### What you should do
After locating the line with "(信息部鲁阳)2018年4月" in the entries below, output it and each following line up to and including the line with "Haikang Robot Haikang", exactly and without pictures.

### Given records
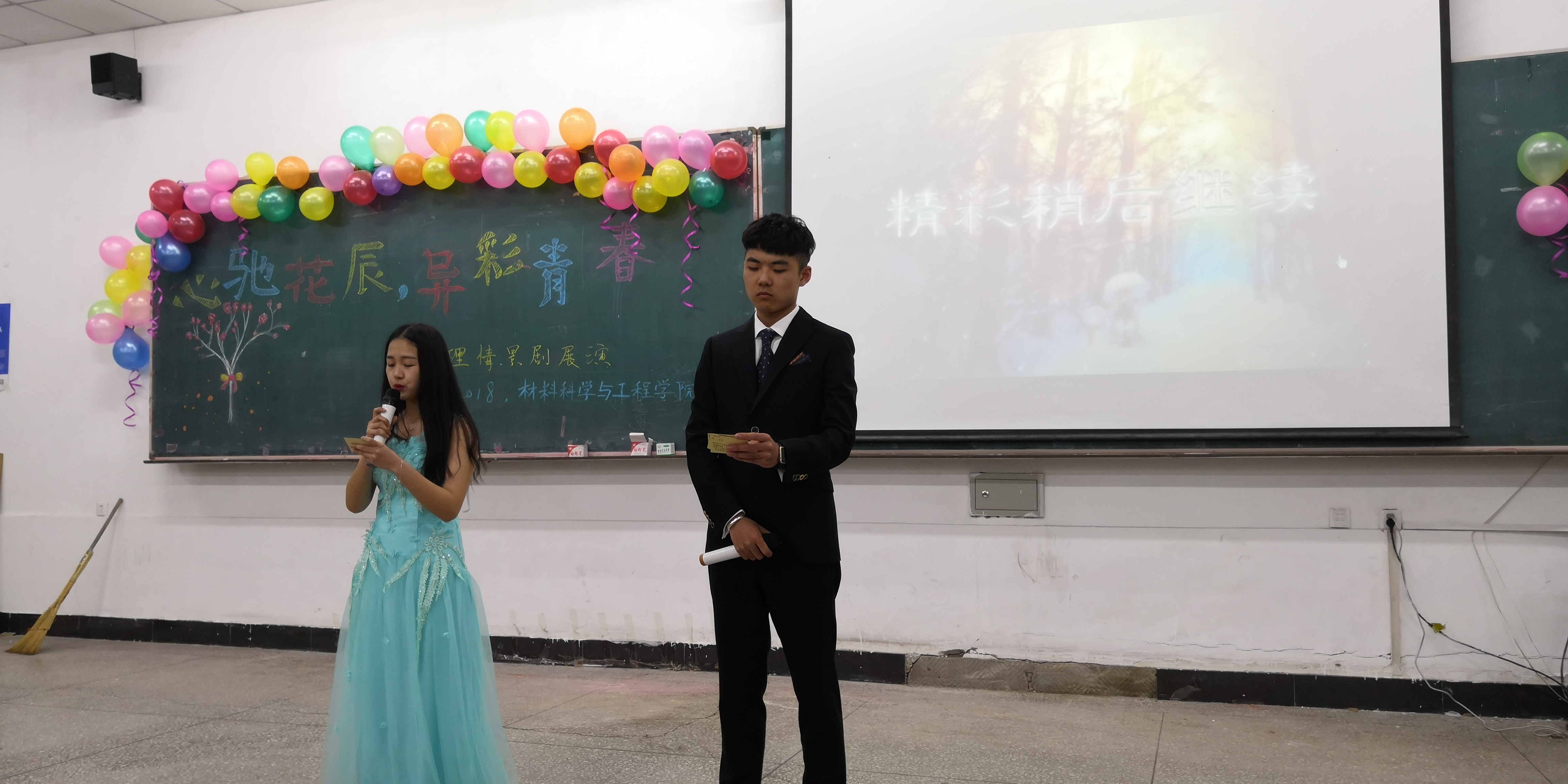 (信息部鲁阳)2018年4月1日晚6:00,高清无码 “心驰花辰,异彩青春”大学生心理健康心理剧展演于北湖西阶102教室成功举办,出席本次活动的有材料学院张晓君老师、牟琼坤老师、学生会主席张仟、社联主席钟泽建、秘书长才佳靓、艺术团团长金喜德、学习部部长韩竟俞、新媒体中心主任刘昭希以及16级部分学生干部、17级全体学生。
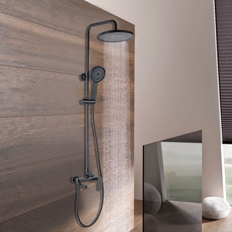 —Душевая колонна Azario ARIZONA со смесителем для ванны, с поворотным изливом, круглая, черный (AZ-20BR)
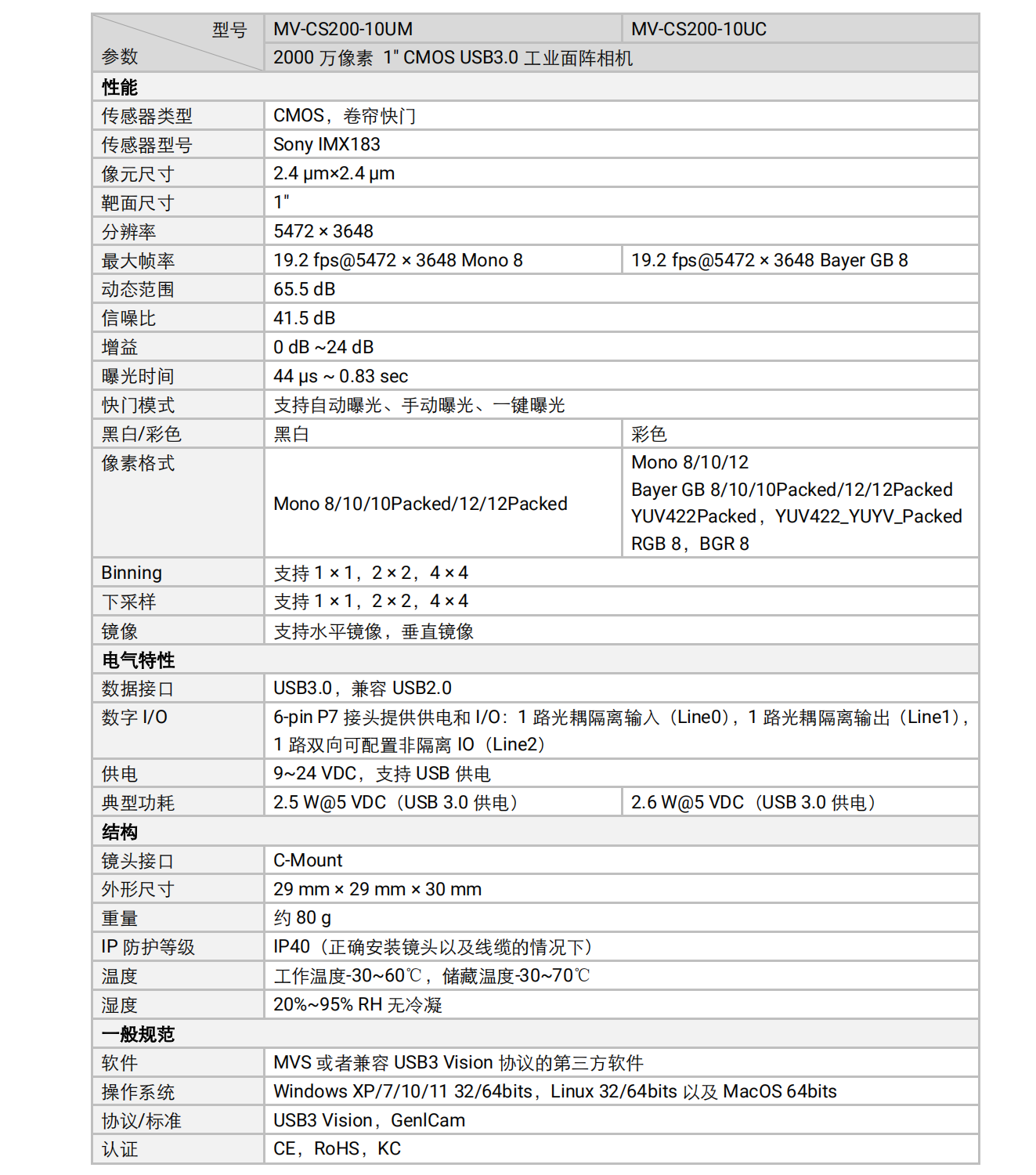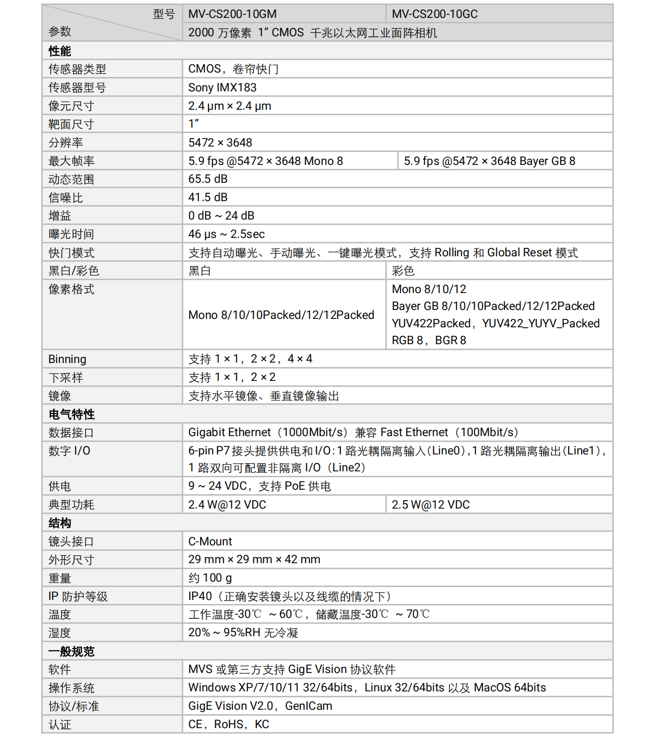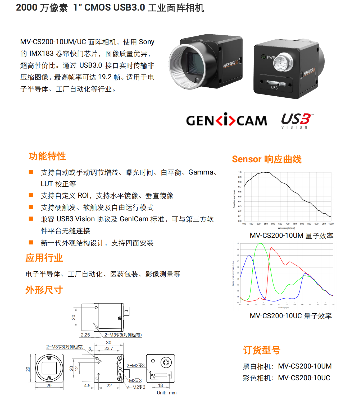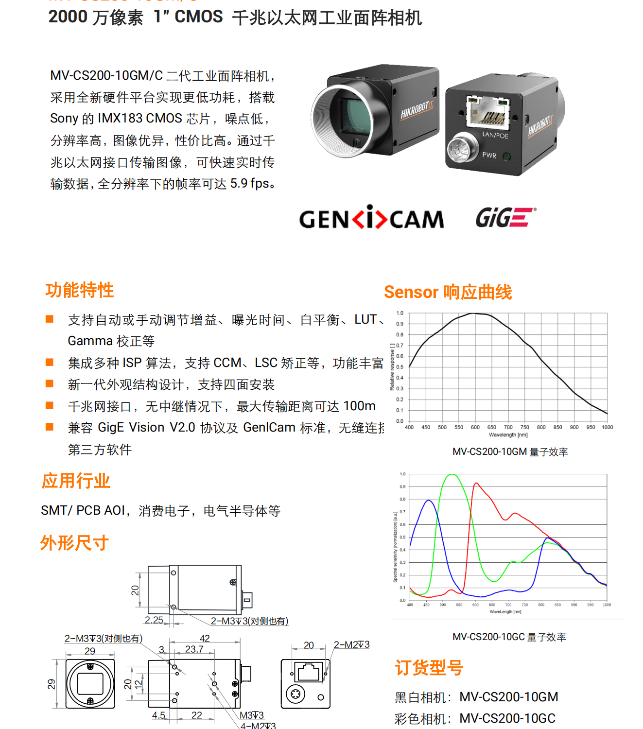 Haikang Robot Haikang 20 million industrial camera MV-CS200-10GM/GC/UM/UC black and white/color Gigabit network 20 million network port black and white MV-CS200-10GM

...

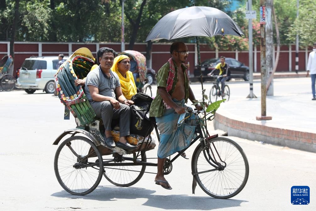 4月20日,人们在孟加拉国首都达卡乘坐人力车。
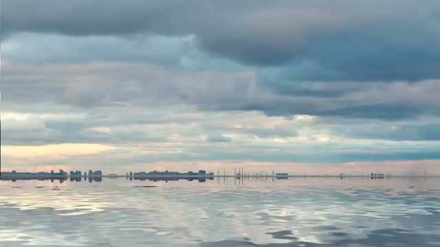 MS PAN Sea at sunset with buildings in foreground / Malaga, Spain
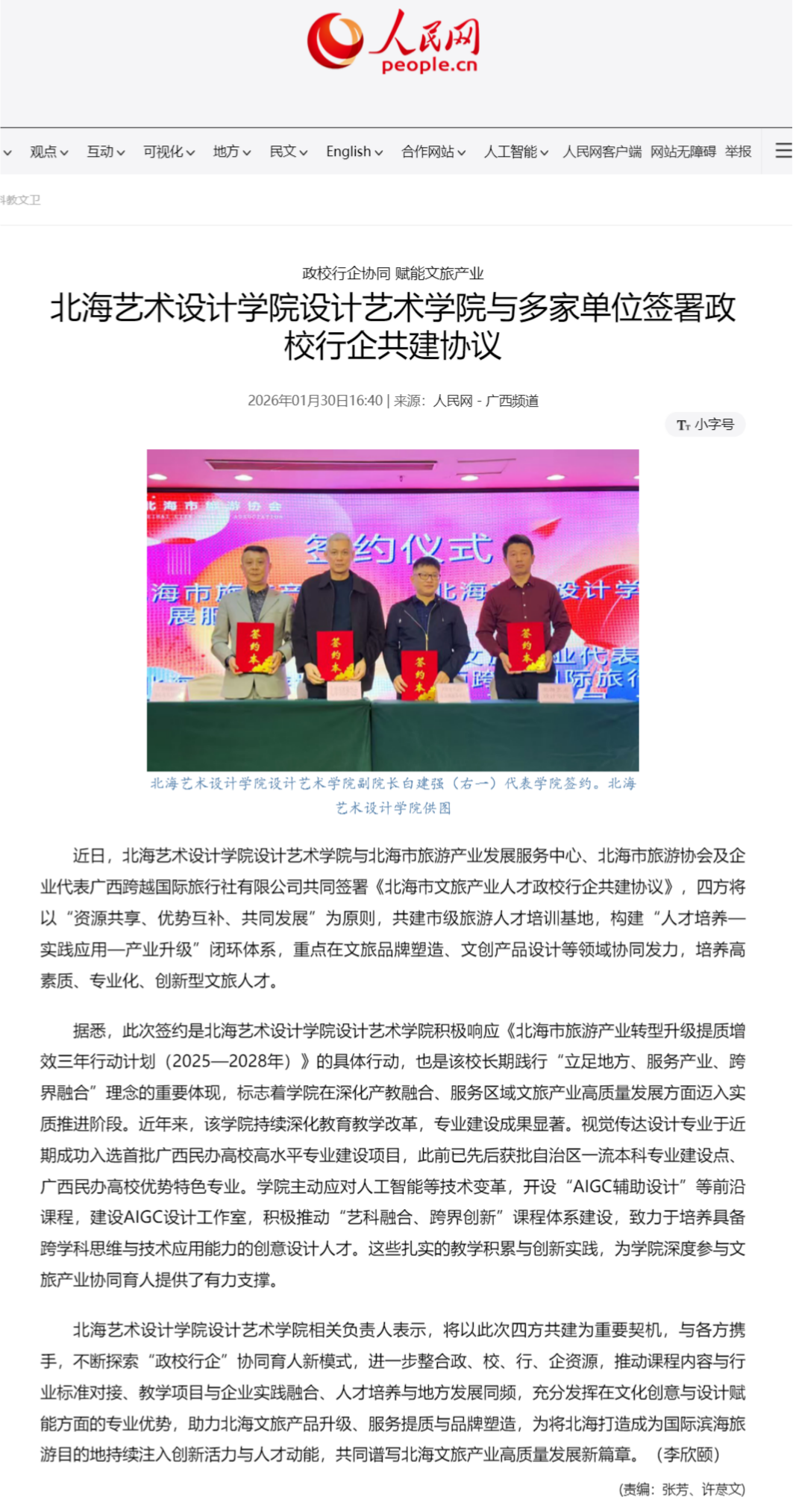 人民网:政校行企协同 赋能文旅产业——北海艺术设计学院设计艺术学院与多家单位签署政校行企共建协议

### Output below
 (信息部鲁阳)2018年4月1日晚6:00,高清无码 “心驰花辰,异彩青春”大学生心理健康心理剧展演于北湖西阶102教室成功举办,出席本次活动的有材料学院张晓君老师、牟琼坤老师、学生会主席张仟、社联主席钟泽建、秘书长才佳靓、艺术团团长金喜德、学习部部长韩竟俞、新媒体中心主任刘昭希以及16级部分学生干部、17级全体学生。
 —Душевая колонна Azario ARIZONA со смесителем для ванны, с поворотным изливом, круглая, черный (AZ-20BR)
 Haikang Robot Haikang 20 million industrial camera MV-CS200-10GM/GC/UM/UC black and white/color Gigabit network 20 million network port black and white MV-CS200-10GM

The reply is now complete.